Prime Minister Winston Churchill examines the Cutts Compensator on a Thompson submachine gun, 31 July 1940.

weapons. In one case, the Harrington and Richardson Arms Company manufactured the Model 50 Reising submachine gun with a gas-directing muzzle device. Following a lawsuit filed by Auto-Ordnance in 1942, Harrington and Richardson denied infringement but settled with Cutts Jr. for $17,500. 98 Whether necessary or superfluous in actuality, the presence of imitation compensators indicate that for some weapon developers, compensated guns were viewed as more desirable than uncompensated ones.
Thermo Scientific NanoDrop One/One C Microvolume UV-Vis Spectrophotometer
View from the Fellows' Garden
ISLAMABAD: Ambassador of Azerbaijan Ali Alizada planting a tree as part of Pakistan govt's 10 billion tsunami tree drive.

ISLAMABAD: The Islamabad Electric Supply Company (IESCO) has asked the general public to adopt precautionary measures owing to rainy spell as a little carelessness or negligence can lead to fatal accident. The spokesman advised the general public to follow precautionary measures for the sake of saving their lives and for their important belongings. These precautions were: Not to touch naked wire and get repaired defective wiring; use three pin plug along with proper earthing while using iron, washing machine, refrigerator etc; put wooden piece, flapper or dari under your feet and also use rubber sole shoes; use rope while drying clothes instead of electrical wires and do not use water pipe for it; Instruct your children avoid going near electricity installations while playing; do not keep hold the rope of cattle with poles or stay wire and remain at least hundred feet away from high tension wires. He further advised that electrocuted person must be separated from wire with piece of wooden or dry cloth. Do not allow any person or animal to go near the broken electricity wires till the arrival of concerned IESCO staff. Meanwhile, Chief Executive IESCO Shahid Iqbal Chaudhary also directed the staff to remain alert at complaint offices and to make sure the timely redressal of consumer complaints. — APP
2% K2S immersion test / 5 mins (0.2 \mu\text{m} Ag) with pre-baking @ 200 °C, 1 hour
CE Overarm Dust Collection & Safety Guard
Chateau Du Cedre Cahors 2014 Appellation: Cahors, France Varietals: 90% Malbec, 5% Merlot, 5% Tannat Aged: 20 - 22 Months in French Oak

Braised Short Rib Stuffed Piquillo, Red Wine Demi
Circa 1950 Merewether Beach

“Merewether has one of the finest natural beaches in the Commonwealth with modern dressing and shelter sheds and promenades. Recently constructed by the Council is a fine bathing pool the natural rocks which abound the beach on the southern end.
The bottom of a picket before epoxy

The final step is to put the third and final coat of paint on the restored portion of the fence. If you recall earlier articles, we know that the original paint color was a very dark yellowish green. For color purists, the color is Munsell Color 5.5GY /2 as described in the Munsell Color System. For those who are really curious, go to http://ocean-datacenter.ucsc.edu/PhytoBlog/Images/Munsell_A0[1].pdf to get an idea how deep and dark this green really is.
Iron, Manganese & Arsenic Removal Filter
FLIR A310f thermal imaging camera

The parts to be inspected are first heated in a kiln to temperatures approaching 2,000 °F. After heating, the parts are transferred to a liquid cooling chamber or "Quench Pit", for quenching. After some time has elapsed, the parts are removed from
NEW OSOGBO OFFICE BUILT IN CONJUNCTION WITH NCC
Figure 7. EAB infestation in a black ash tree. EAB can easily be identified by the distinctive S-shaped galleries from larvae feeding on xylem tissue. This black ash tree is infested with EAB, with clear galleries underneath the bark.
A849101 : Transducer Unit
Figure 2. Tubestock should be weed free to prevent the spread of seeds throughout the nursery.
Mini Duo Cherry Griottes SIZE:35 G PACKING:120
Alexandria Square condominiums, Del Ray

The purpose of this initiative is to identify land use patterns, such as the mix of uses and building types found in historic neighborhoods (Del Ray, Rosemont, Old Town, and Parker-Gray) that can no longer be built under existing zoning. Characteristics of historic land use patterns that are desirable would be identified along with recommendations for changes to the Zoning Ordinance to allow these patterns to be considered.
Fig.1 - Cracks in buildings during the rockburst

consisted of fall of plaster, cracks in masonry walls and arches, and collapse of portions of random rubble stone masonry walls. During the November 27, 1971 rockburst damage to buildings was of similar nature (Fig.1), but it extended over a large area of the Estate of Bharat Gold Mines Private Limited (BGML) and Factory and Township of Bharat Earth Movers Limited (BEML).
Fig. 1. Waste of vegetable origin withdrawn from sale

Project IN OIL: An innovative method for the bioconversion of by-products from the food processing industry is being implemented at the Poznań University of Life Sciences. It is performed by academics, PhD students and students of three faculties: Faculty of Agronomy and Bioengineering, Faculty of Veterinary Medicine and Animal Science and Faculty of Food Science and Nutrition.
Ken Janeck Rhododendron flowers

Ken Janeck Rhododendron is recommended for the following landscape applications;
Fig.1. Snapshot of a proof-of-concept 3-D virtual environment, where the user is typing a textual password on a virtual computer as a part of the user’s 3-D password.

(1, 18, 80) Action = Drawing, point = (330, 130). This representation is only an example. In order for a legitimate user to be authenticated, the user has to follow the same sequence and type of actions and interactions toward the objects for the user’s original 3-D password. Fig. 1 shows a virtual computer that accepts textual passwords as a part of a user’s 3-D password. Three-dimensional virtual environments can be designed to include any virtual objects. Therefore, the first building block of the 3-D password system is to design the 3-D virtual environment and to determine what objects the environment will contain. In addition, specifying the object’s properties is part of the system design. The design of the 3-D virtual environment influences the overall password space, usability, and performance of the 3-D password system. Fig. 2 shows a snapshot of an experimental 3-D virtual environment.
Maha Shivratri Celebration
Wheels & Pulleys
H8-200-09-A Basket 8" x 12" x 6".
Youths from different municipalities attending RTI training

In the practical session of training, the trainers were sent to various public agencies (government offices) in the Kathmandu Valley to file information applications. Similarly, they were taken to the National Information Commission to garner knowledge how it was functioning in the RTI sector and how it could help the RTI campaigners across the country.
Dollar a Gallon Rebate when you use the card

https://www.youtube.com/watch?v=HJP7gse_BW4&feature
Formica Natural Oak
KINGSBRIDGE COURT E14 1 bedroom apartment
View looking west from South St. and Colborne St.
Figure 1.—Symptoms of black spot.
▬▬▬▬▬▬▬▬▬▬
What is required
Each line holding the word "applications" must be copied from the data.

Written response
Ken Janeck Rhododendron is recommended for the following landscape applications;
In the practical session of training, the trainers were sent to various public agencies (government offices) in the Kathmandu Valley to file information applications. Similarly, they were taken to the National Information Commission to garner knowledge how it was functioning in the RTI sector and how it could help the RTI campaigners across the country.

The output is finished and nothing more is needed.